Installing hgvs

Supported Platforms

hgvs is developed primarily on Ubuntu systems and has been reported to work on Mac. Other platforms and dependency versions are expected to work but have not been tested. Reports of successful operation on other platforms (and patches to enable this) are appreciated. Python >=3.5 is now required.

Install Prerequisites

hgvs currently requires PostgreSQL client libraries. On Ubuntu, try:

apt-get install libpq-dev

On a Mac with homebrew:

brew install postgresql

Use a virtual environment

Users are encouraged to use a virtual environment. The most basic method for this is:

$ python3 -m venv venv
$ source venv/bin/activate

Your shell prompt will change upon activation.

See this tutorial for more information about virtual environments.

Installing hgvs from PyPI (preferred)

Install hgvs via pip:

$ pip install hgvs

hgvs will install dependencies automatically.

Installing hgvs from source (for developers)

For the project at https://github.com/biocommons/hgvs.

Fetch the source code:

$ git clone https://github.com/<your github username>/hgvs

Then:

$ source venv/bin/activate # replace with path to your virtual env
$ cd hgvs
$ make develop

Installing SeqRepo (optional)

seqrepo provides an easy and efficient mechanism to maintain a local sequence database.

Install seqrepo:

$ pip install biocommons.seqrepo

Then, choose a file path that has at least 10GB of space available. By default, seqrepo will use /usr/local/share/serepo/. Make that directory:

$ mkdir /usr/local/share/seqrepo

Download an instance of the human sequence set:

$ seqrepo -r /usr/local/share/seqrepo pull

You can skip the -r if you use the default /usr/local/share/seqrepo/. This step will take 10-30 minutes, or more for slow connections.

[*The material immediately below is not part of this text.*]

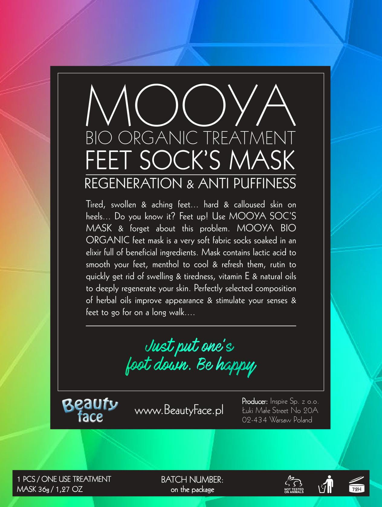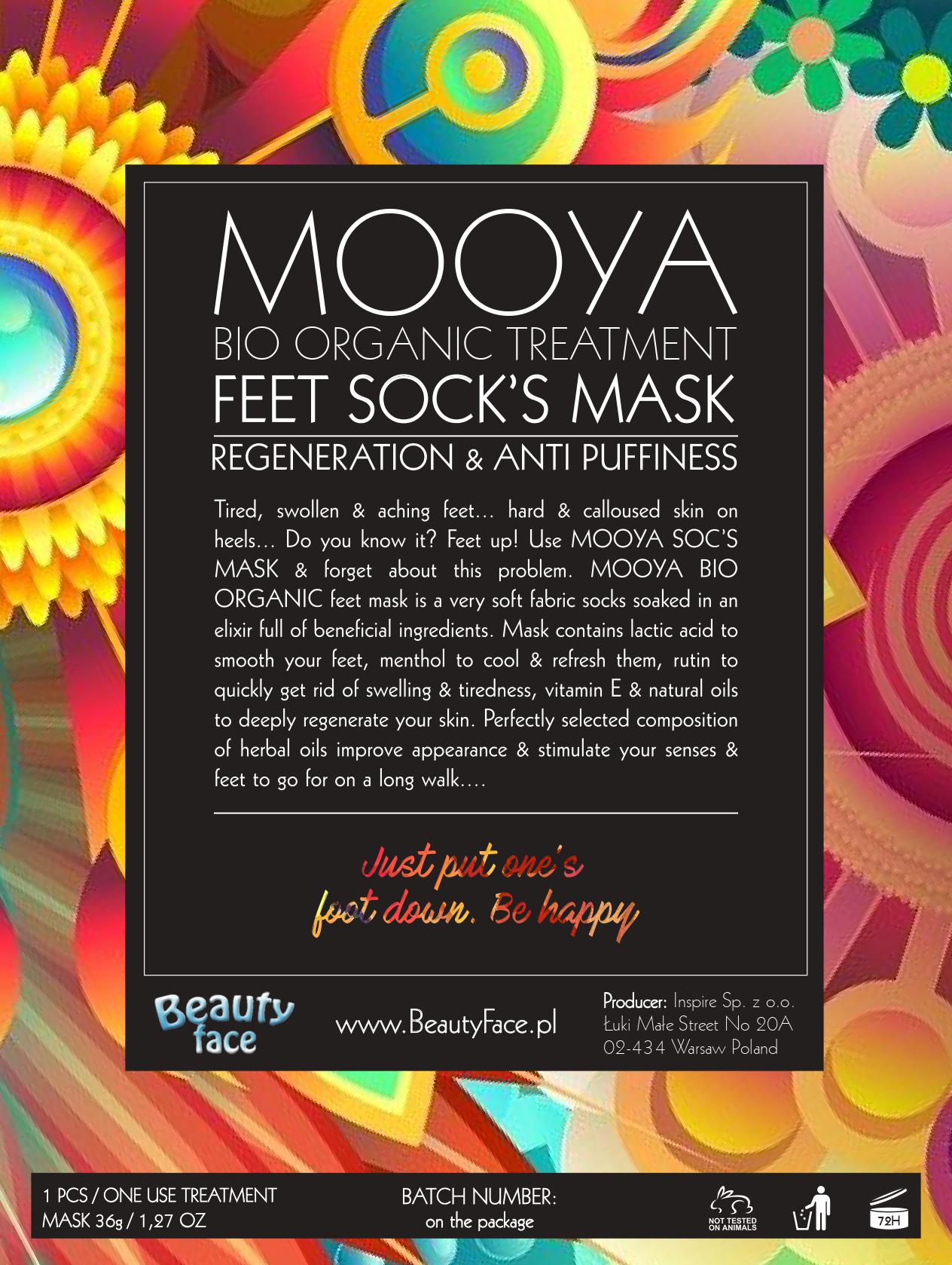 Zmęczone, opuchnięte i bolące stopy... twarda i zrogowaciała skóra na piętach... Znasz to? Maseczka do stóp MOOYA BIO ORGANIC to bardzo miękkie skarpetki z tkaniny nasączone eliksirem pełnym dobroczynnych składników. Maska zawiera kwas mlekowy, który wygładza stopy oraz usuwa zrogowaciały naskórek, mentol i rutynę, aby szybko pozbyć się obrzęków i zmęczenia, witaminę E i naturalne olejki ziołowe, które głęboko zregenerują skórę. Idealnie dobrana kompozycja olejków ziołowych poprawia wygląd oraz pobudza zmysły i stopy do długich spacerów....

As with UTA, you tell hgvs to use this feature via an environment variable:

$ export HGVS_SEQREPO_DIR=/usr/local/share/seqrepo/20160906

Local Installation of UTA (optional)

The easiest way to install UTA locally is to use the docker image:

$ docker run -d --name uta_20170117 -p 15032:5432 biocommons/uta:uta_20170117

If you do this, then set:

$ export UTA_DB_URL=postgresql://anonymous@localhost:15032/uta/uta_20170117

If you don’t set this variable, hgvs will use the remote uta database.

Test your installation

hgvs installs hgvs-shell, a command line tool based on IPython. It’s a convenience utility that imports and initializes frequently-used components. Try this:

(default-2.7) snafu$ hgvs-shell
INFO:root:Starting hgvs-shell 1.0.0a1
INFO:biocommons.seqrepo:biocommons.seqrepo 0.3.1
INFO:hgvs.dataproviders.seqfetcher:Using SeqRepo(/usr/local/share/seqrepo/master) sequence fetching
INFO:hgvs.dataproviders.uta:connected to postgresql://anonymous:anonymous@localhost/uta_dev/uta_20170117...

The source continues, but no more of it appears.